→ **Your goal**
Of the entries below, return only those lines from the line with "В момент объявления" to the line with "光电突触器件集成了光感知与信", exactly, both included.

→ **Provided data**
────────────────────

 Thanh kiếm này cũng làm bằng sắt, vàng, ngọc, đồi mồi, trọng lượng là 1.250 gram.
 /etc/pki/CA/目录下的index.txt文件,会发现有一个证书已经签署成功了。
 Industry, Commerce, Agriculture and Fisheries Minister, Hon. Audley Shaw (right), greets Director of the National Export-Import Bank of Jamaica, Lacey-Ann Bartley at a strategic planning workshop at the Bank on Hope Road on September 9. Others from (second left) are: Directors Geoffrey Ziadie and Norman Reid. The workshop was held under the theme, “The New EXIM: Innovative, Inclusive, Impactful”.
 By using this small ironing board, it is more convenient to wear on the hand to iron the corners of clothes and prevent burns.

────────────────────

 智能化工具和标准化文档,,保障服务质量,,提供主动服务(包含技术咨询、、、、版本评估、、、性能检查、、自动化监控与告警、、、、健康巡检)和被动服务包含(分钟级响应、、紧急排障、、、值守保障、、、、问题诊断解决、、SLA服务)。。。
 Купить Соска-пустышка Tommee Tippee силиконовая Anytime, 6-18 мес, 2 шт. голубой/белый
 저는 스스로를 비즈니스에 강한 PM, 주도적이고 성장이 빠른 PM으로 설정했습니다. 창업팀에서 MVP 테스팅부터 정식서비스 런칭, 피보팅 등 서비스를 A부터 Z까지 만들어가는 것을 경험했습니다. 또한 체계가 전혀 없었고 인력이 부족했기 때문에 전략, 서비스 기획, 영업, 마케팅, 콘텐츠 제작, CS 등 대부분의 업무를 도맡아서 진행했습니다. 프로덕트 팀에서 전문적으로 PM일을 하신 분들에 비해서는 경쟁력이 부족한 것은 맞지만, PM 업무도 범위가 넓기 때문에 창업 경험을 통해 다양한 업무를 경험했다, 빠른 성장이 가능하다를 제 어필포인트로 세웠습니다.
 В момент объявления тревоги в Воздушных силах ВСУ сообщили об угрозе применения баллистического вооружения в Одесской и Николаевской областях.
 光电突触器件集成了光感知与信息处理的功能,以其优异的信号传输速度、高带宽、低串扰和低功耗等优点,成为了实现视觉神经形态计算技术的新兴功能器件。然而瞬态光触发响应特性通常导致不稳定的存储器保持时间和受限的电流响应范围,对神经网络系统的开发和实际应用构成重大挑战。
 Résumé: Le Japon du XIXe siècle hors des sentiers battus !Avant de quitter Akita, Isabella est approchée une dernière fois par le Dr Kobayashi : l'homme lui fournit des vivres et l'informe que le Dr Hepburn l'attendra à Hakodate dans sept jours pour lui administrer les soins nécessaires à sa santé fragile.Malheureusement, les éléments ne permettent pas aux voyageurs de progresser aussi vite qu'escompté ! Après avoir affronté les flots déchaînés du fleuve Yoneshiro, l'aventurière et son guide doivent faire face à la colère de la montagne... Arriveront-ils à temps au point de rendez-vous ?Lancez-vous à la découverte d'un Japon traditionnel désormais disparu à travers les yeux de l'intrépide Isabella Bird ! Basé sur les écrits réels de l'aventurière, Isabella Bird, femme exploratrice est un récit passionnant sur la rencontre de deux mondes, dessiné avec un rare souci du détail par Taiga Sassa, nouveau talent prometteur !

────────────────────

→ **Task solution**
 В момент объявления тревоги в Воздушных силах ВСУ сообщили об угрозе применения баллистического вооружения в Одесской и Николаевской областях.
 光电突触器件集成了光感知与信息处理的功能,以其优异的信号传输速度、高带宽、低串扰和低功耗等优点,成为了实现视觉神经形态计算技术的新兴功能器件。然而瞬态光触发响应特性通常导致不稳定的存储器保持时间和受限的电流响应范围,对神经网络系统的开发和实际应用构成重大挑战。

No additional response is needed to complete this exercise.